Валет шумно вдохнул. Выдоха я не услышал. Произнесенные вслух цифры предполагаемого возраста моей буфетчицы ошарашили и меня. Выходит, что, когда ей было столько, сколько сейчас мне, я еще толком не умел читать, мог написать всего несколько простых слов, да и то исключительно печатными буквами, корявыми, как следы вороньих лап на сырой глине; еще запросто мог напрудить в постель, не умел за столом держать нож в правой, а вилку в левой руке, да и росту во мне было не больше метра, не говоря уже про размер ноги и всех остальных частей тела.
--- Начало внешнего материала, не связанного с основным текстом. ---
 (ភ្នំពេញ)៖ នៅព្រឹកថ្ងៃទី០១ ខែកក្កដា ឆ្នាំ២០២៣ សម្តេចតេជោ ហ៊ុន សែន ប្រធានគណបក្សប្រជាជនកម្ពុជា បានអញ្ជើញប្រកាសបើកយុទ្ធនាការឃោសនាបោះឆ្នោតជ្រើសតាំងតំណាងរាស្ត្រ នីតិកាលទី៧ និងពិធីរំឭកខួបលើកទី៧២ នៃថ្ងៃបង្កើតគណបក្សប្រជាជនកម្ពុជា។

Да, когда я, пухлый и розовый, как гуттаперчевый голыш, собирал в полосе прибоя черноморские ракушки и сухие крабьи клешни или спасался в московском зоосаде от гиппопотама, моя буфетчица уже красила губы, самостоятельно ходила в кино и на танцы, пробовала курить, пила вино и пьянела, училась целоваться с латышскими подростками, завивала свои морковные кудри на бигуди и выбирала в секции женского белья бюстгальтер правильного размера.

– Двадцать шесть? – донеслось из другой галактики. – Чиж, это ж… это…
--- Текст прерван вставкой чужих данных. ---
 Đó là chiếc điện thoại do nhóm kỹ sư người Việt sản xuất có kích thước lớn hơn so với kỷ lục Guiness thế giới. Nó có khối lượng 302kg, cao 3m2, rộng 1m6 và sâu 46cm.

– Что? – машинально спросил я.

– Это ж… – Брат продолжал запинаться. – Это… Это как если б ты играл в футбол во дворе, а тебя вдруг пригласили – и не в сборную Кройцбурга или Риги, и даже не Латвии или Советского Союза, а в сборную Бразилии. Бразилии! Ты, считай, попал в команду с самим Пеле!

Его метафора показалась мне преувеличенной, но спорить я не стал. Ведь если начистоту, то я не припомню, чтобы Валет говорил со мной как с равным – без обидных издевок и дурацких подначек, без высокомерного хамства. Скажу больше: сейчас в его интонациях слышалась подобострастная вежливость, чуть ли не желание угодить: так он подлизывался к бате, выпрашивая разрешение погонять на отцовском мотоцикле. Или взять его на рыбалку.

– Лайма, – задумчиво улыбаясь, произнес брат.

К тому же история с буфетчицей и в моем сознании начала поворачиваться новым боком, весьма неожиданным. Липкий опыт первого соития – формула позора: унижение, помноженное на страх и брезгливость, разделенное на похоть. Когда в памяти всплывали те картинки, те запахи или звуки, мне хотелось кричать, как от приступа боли в пыточной камере. Но Валет-то, Валет не имел об этом ни малейшего представления. Он никогда не видел и объекта моего сладострастия: ни мочалки морковного цвета, ни ветхого лифчика, ни жирных красных губ. Ни розового рубца от резинки, оставленного на мертвенно-бледной коже живота.

С медлительностью истинного вдохновения на меня снизошла благая весть: я мог прямо тут и прямо сейчас создать свою Лайму! Да что там Лайму – Галатею!

Да, в нашей спартанской спальне, украшенной физической картой полушарий и эстампом Рокуэлла Кента, с двумя солдатскими койками и парой простых сосновых столов. Как Господь-Творец, я обладал глиной знания, я владел красками опыта. Разумеется, палитра моя скудна, а опыт куц. Но фантазия, моя безотказная помощница, оживит недостающие оттенки, добавит убедительные нюансы.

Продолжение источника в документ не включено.